Merchant Accounts and Payment Gateways: Telling the Difference
Written by: Charge.com Payment Solutions, Inc.
Learn the crucial differences between a merchant account and a payment gateway.
When customers slide their cards through credit card machines, they tend to take for granted what’s happening behind the scenes. There is a sophisticated system in place that allows businesses to move money from one account to another, all digitally, so that the funds are delivered almost instantly. The business owner needs a merchant account, which relies on something called a payment gateway to transfer the funds. If you’re feeling overwhelmed, not to worry! This brief guide will break down all concepts related to merchant accounts and payment gateways.
At first glance, a payment gateway seems a lot like a merchant account. Small business credit card processing requires a payment gateway, but that’s not the only piece of the puzzle. The gateway is the mechanism used to transfer money from the buyer to the seller. It’s the digital route money has to pass through, and it’s only required for transactions online. Gateways can be a component of either a payment processor or a merchant account, but they are not the entire service.
When you need credit card machines for your store, you have to get a merchant account. Some payment processing companies will ship a reader to you, like Square or PayPal, but you never really have full control as a business owner.

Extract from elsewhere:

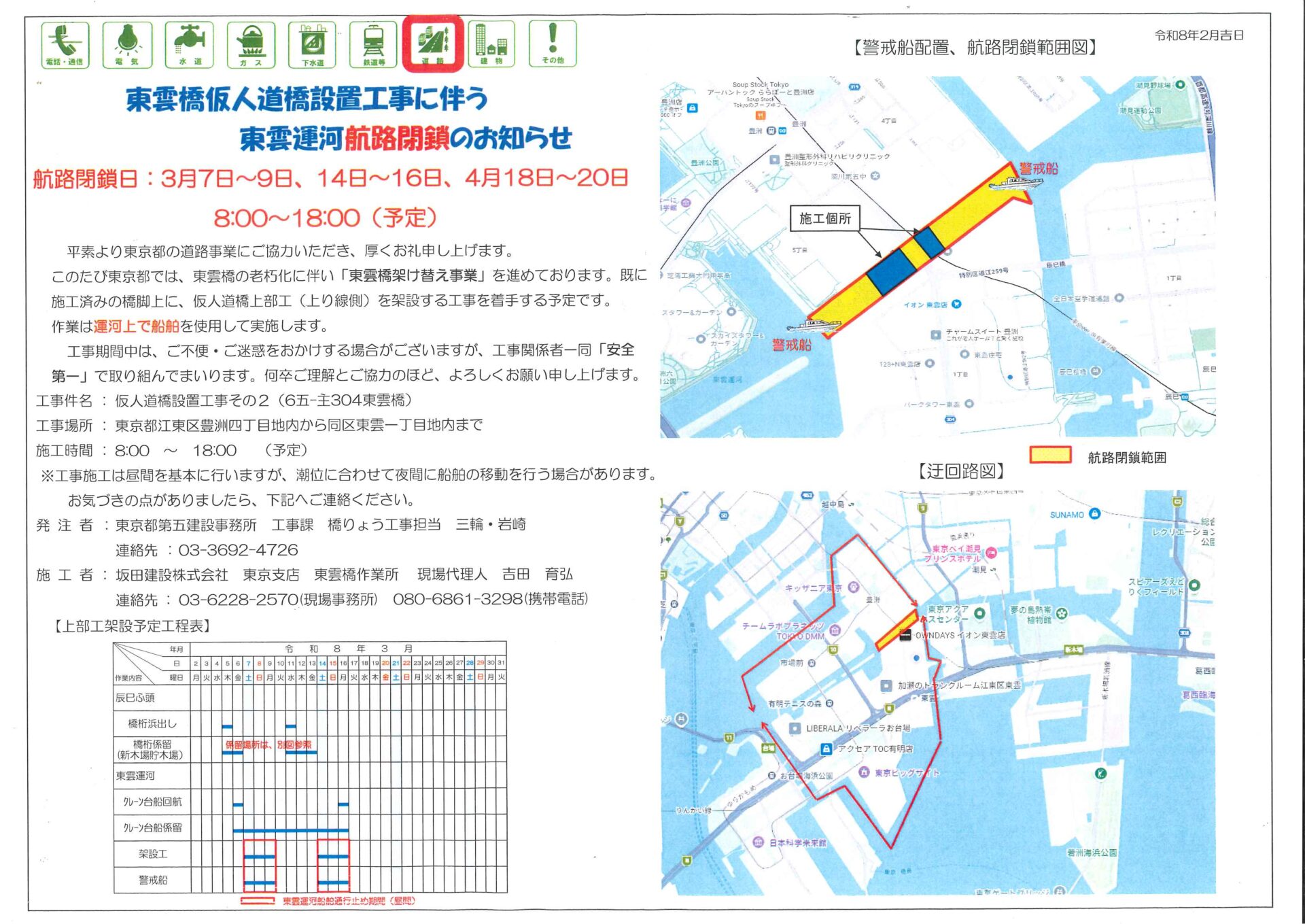 東雲橋老朽化に伴い東雲橋架け替え事業が進んでいます。仮人道橋上部工(上り線側)の架設工事に着工予定です。運河上で船舶を使用して行いますので、航路を閉鎖いたします。通行できませんのでご注意ください。

Say, for example, a customer wants to return an item they bought. A payment processor might hold funds and open a dispute. If the requirements to settle that dispute aren’t met, your account could be flagged for removal. Merchant accounts allow business owners to set their own policies and process transactions faster. They also provide a greater degree of security for the customer, because they utilize randomly generated number strings to process transactions.